**Work required**
Could you print the listing again exactly, omitting the pictures?

**Stored data**
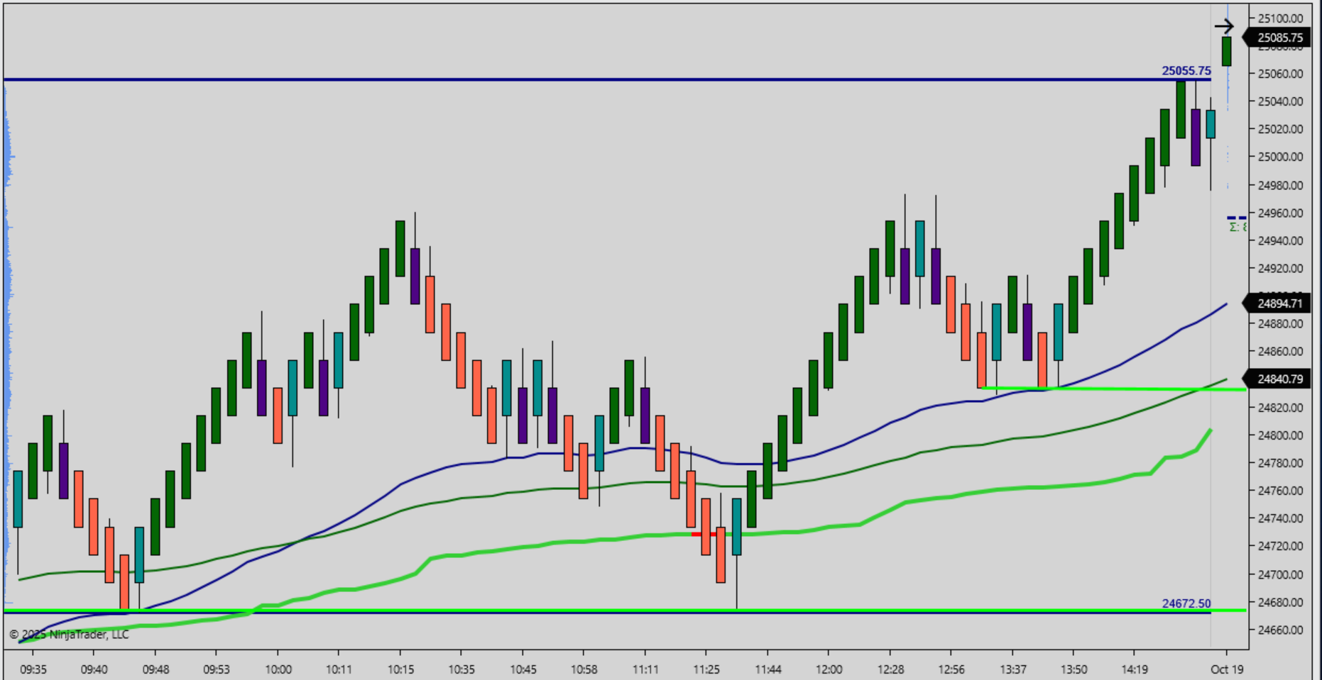 Friday’s RTH session advanced from 24672.50 to 25055.75, establishing a strong directional leg before consolidating near the highs into the close. Momentum favored buyers throughout the session, confirming a shift from last week’s corrective structure toward higher balance.
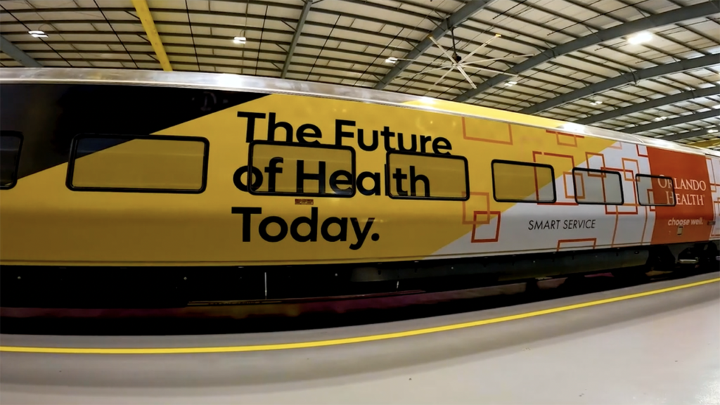 “The Orlando Health-branded Brightline train represents our partnership of connectivity, promotes health awareness and is our visual commitment to providing high-quality care,” said Andrew Snyder, Orlando Health Senior Vice President, Marketing and Communications. “Patients outside of Central Florida can access our world-class healthcare system through the region’s first high-speed rail system. We are excited to showcase our trailblazing collaboration with Brightline.”
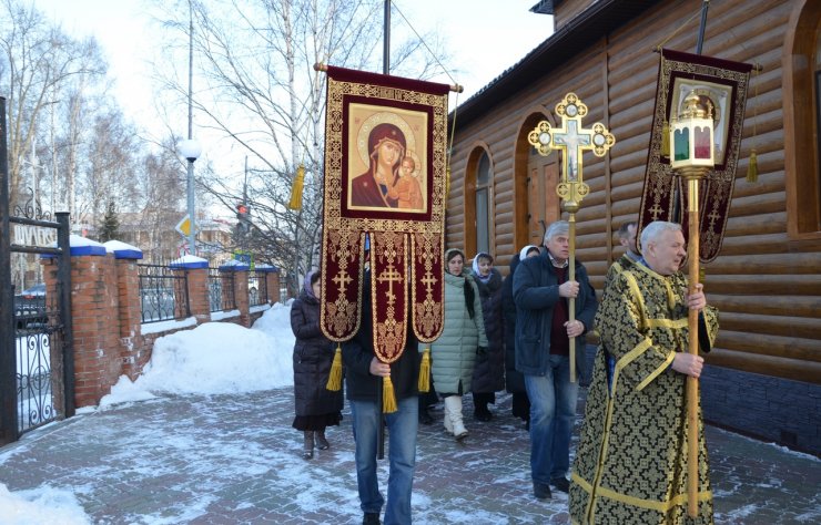 После чтения канона Великой субботы состоялся крестный ход, после которого Плащаница была положена на середину храма для продолжения поклонения православных верующих.

**Exercise solution**
 Friday’s RTH session advanced from 24672.50 to 25055.75, establishing a strong directional leg before consolidating near the highs into the close. Momentum favored buyers throughout the session, confirming a shift from last week’s corrective structure toward higher balance.
 “The Orlando Health-branded Brightline train represents our partnership of connectivity, promotes health awareness and is our visual commitment to providing high-quality care,” said Andrew Snyder, Orlando Health Senior Vice President, Marketing and Communications. “Patients outside of Central Florida can access our world-class healthcare system through the region’s first high-speed rail system. We are excited to showcase our trailblazing collaboration with Brightline.”
 После чтения канона Великой субботы состоялся крестный ход, после которого Плащаница была положена на середину храма для продолжения поклонения православных верующих.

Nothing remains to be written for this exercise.